Harold RustFebruary 4, 2019
I have found it much more rewarding to think about our final judgment as a situation in which we choose whether we will follow Christ and that choice will depend on who we are--which includes what we "want" as well as the spiritual energy we have to pursue that path. The pattern for this is already set in this life based on the concept of "Repent". That is, we can indeed change, but that effort to change is generally not easy and requires real commitment. Our readiness to change is driven almost exclusively by who we really are at that time. Some individuals change dramatically after they have done something wrong while others become more entrenched in whatever they are doing wrong. Some change slowly but steadily as they move precept upon precept while others change very quickly after making a very determined and committed about-face. However that change occurs, the changes we are willing to make and have the spiritual strength to make (there are those for whom the saying "the spirit is strong but the flesh is weak" is very real and the dominating roadblock to making a righteous change). When I think of the judgment in this light, I no longer have to wonder whether that person has done enough good things that they will "make it"; rather, I know it is all up to them as to whether when that final judgment of determining whether we have the spiritual strength to truly follow our Savior they will be able to complete the full steps of repentance that requires us to become perfect. Just as in this life when learning a new language, it takes far more than just skill to become proficient. It requires long-term practice and patient "repentance" until we get it right. A lot of us are willing to quit when we've learned just enough to get by while shopping or eating out.
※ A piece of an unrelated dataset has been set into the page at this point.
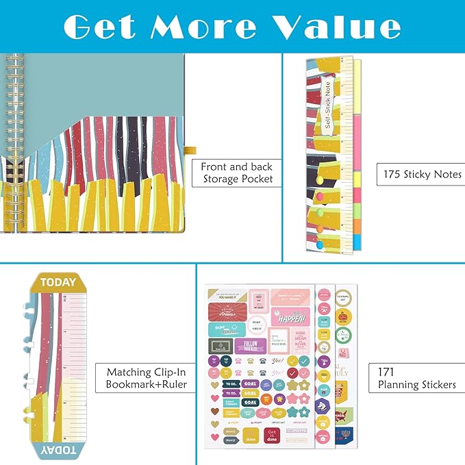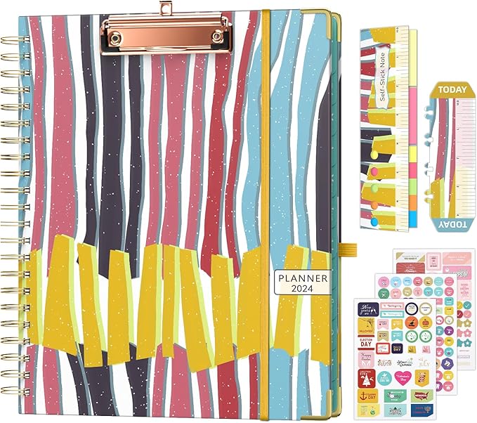 - Clipboard - Academic Planner 2024 has 175 sticky notes+ matching clip-In bookmark + ruler+163 calendar stickers. The paper size of 8.5"x11" (A4 Size) is paired use with a sturdy clipboard, you can write down your future plans no matter where you are

Teryl GardnerFebruary 3, 2019
Everyone has a conscience. And I believe that a large part of that conscience is our ability to empathize with others. Whether you know of Christ or not, you have the ability to imagine what others would feel in a particular situation. This is key to treating others as we would be treated, to loving our neighbor as our self. It seems to me that how we followed our conscience, or ignored it, will figure to a large degree in our judgement.